EXERCISE INPUT:
----
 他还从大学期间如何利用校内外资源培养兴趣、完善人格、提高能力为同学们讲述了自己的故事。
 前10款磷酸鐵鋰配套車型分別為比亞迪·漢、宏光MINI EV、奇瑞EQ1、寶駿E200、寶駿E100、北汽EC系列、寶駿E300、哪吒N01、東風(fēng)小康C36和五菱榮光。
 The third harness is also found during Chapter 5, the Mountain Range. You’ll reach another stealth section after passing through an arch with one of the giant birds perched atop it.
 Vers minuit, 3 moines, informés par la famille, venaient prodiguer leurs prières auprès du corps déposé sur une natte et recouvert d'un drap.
----
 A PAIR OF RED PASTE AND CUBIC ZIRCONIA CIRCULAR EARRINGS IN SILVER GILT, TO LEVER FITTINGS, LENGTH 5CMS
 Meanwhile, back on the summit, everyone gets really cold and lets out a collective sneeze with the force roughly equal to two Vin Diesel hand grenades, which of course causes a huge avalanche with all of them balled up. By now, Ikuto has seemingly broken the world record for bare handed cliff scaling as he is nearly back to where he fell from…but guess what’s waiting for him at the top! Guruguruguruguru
----
Produce a word-for-word copy of everything above from the line holding "他还从大学期间如何利用校内外" down to the line holding "Vers minuit, 3", with both of those lines kept.

ANSWER FOR THIS EXERCISE:
 他还从大学期间如何利用校内外资源培养兴趣、完善人格、提高能力为同学们讲述了自己的故事。
 前10款磷酸鐵鋰配套車型分別為比亞迪·漢、宏光MINI EV、奇瑞EQ1、寶駿E200、寶駿E100、北汽EC系列、寶駿E300、哪吒N01、東風(fēng)小康C36和五菱榮光。
 The third harness is also found during Chapter 5, the Mountain Range. You’ll reach another stealth section after passing through an arch with one of the giant birds perched atop it.
 Vers minuit, 3 moines, informés par la famille, venaient prodiguer leurs prières auprès du corps déposé sur une natte et recouvert d'un drap.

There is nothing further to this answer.